*** Source data ***

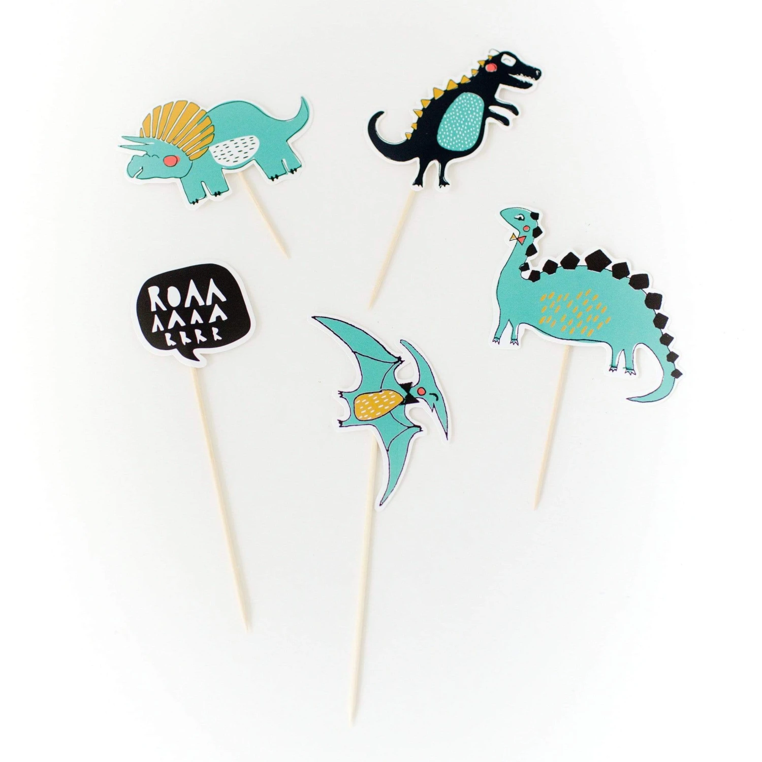These crazy dinosaurs love cakes! Cake toppers perfect for a dinosaur themed party.
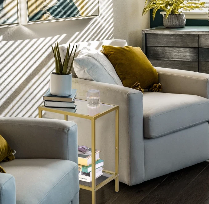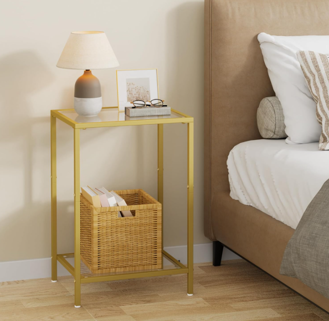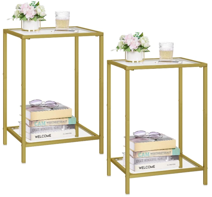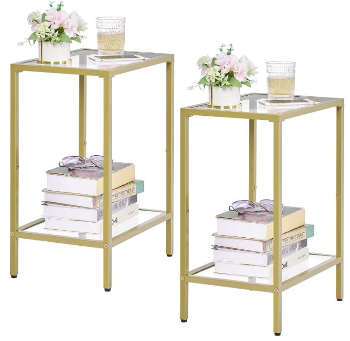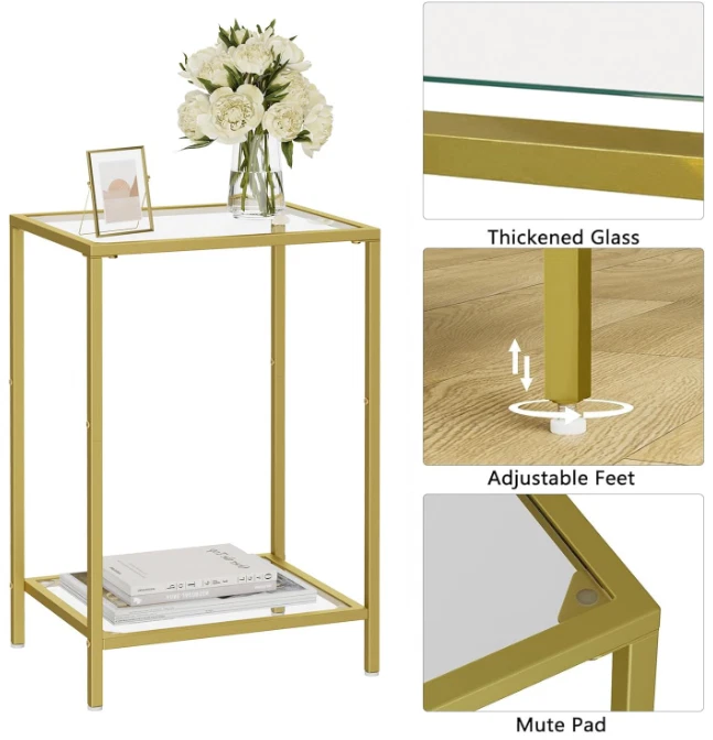 Side Tables Set of 2, End Tables with Tempered Glass, 2-Tier Nightstands, Golden Modern Design: Modern style minimalist design, made of gold colored metal and clear tempered glass, suitable for your home. Two-layer storage can hold more items; small size makes it easy to move around without taking up too much space Practical and Multi-functional: Product dimensions 11.8"D x 15"W x 21.7"H, it is suitable for placing beside sofas and leisure chairs with magazines, coffee, small table lamps, etc. You can also put it in the bedroom as a nightstand with books and a small lamp on it. Easy to Assemble: With detailed instructions, numbered parts, simple structural design, you can easily assemble it in 20 minutes Also great for gardens, it can be placed on the sides of camping chairs and outdoor sofas Safety Design: Polished edge treatment will ensure your safety. The narrow end table has four plastic adjustable feet, which can keep balance even on uneven floor and protect the floor from scraping Strong and long-lasting: The small side table is made of tempered glass and strong metal frame, which is sturdy and easy to clean. A single shelf can bear up to 20 lbs and you can use it both indoors and outdoors Terms of Sale and Feedback: Feedback is very important to us and eBay. If you are satisfied with our transaction, please take a moment to leave positive feedback. YOUR satisfaction is our number one priority! If there are any problems, PLEASE contact us BEFORE leaving a neutral or negative rating so we can resolve any concerns. We PROMISE that we can make you happy if you give us a fair chance.
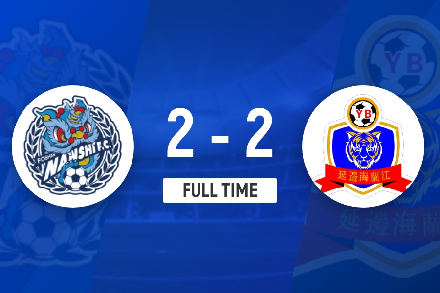 下半场补时5分钟,佛山龙狮2-2延边龙鼎。

***

◆ Work instruction:
Output the material word for word. Pictures do not go in.

◆ The completed task:
These crazy dinosaurs love cakes! Cake toppers perfect for a dinosaur themed party.
 Side Tables Set of 2, End Tables with Tempered Glass, 2-Tier Nightstands, Golden Modern Design: Modern style minimalist design, made of gold colored metal and clear tempered glass, suitable for your home. Two-layer storage can hold more items; small size makes it easy to move around without taking up too much space Practical and Multi-functional: Product dimensions 11.8"D x 15"W x 21.7"H, it is suitable for placing beside sofas and leisure chairs with magazines, coffee, small table lamps, etc. You can also put it in the bedroom as a nightstand with books and a small lamp on it. Easy to Assemble: With detailed instructions, numbered parts, simple structural design, you can easily assemble it in 20 minutes Also great for gardens, it can be placed on the sides of camping chairs and outdoor sofas Safety Design: Polished edge treatment will ensure your safety. The narrow end table has four plastic adjustable feet, which can keep balance even on uneven floor and protect the floor from scraping Strong and long-lasting: The small side table is made of tempered glass and strong metal frame, which is sturdy and easy to clean. A single shelf can bear up to 20 lbs and you can use it both indoors and outdoors Terms of Sale and Feedback: Feedback is very important to us and eBay. If you are satisfied with our transaction, please take a moment to leave positive feedback. YOUR satisfaction is our number one priority! If there are any problems, PLEASE contact us BEFORE leaving a neutral or negative rating so we can resolve any concerns. We PROMISE that we can make you happy if you give us a fair chance.
 下半场补时5分钟,佛山龙狮2-2延边龙鼎。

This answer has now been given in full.